Because the concatenated input doesn't track the start and end index for each request, the backends often require the model to have additional input(s), batch input, that describe various information about the batch formed.

Batch Input

Batch input is often used in combination with ragged input to provide information about each batch element, such as the element count of an input for each request in the batch. A batch input is generated by Triton instead of being provided in the request, because the information can only be finalized after the dynamic batch is formed.

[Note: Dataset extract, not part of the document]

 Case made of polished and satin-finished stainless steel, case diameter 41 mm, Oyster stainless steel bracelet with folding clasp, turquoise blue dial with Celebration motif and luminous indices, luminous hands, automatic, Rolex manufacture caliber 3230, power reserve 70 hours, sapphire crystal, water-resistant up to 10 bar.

Besides element count, there are other batch input kinds that the user can specify, see the protobuf documentation for details.

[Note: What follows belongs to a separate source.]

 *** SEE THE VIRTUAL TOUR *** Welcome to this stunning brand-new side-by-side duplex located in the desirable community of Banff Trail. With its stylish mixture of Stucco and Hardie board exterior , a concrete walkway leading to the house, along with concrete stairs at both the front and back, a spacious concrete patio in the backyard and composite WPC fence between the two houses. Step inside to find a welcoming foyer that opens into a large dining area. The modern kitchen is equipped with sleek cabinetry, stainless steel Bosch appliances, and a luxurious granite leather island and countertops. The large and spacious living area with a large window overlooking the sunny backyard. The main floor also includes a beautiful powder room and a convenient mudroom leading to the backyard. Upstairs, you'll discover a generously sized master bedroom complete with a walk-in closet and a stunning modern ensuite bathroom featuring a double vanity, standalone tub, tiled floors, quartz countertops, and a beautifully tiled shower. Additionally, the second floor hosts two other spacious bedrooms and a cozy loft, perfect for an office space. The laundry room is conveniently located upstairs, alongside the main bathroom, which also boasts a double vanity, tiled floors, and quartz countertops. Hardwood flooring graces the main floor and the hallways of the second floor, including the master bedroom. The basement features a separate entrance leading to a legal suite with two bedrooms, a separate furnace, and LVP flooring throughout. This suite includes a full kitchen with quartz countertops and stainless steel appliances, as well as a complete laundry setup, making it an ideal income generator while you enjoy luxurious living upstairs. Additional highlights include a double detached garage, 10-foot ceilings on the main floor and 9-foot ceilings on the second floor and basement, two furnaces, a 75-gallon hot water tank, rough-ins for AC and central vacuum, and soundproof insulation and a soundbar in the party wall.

Example on Ragged Input and Batch Input

If you have a model that accepts 1 variable length input tensor, INPUT, with shape [ -1, -1 ]. The first dimension is the batch dimension, and the second dimension is the variable-length content. When the client sends 3 requests of shapes [ 1, 3 ], [ 1, 4 ], [ 1, 5 ]. To exploit dynamic batching, the straight-forward way to implement this model would expect INPUT shape [ -1, -1 ] and assume that all inputs were padded to same length so that all requests become shape [ 1, 5 ] and thus Triton can batch and send them to the model as a single [ 3, 5 ] tensor. In this case, there will be overhead on padding the tensor and on extra model computation on the padded content. Below is the input config:

max_batch_size: 16
input [
  {
    name: "INPUT"
    data_type: TYPE_FP32
    dims: [ -1 ]
  }
]

With triton ragged batching, the model will be implemented to expect INPUT shape [ -1 ] and an additional batch input, INDEX, shape [ -1 ] which the model should use to interpret the batch elements in INPUT. For such model, the client requests don't need to be padded and they can be sent as they are (with shapes [ 1, 3 ], [ 1, 4 ], [ 1, 5 ]). The backends discussed above will batch the input into a tensor of shape [ 12 ] which contains the 3 + 4 + 5 concatenation of the requests. Triton also creates the batch input tensor of shape [ 3 ] with value [ 3, 7, 12 ] which gives the offset into the input tensor where each batch element ends. Below is the input config:

max_batch_size: 16
input [
  {
    name: "INPUT"
    data_type: TYPE_FP32
    dims: [ -1 ]
    allow_ragged_batch: true
  }
]
batch_input [
  {
    kind: BATCH_ACCUMULATED_ELEMENT_COUNT
    target_name: "INDEX"
    data_type: TYPE_FP32
    source_input: "INPUT"
  }
]

The above example uses BATCH_ACCUMULATED_ELEMENT_COUNT type of ragged batching. Other types described in protobuf documentation operate similarly.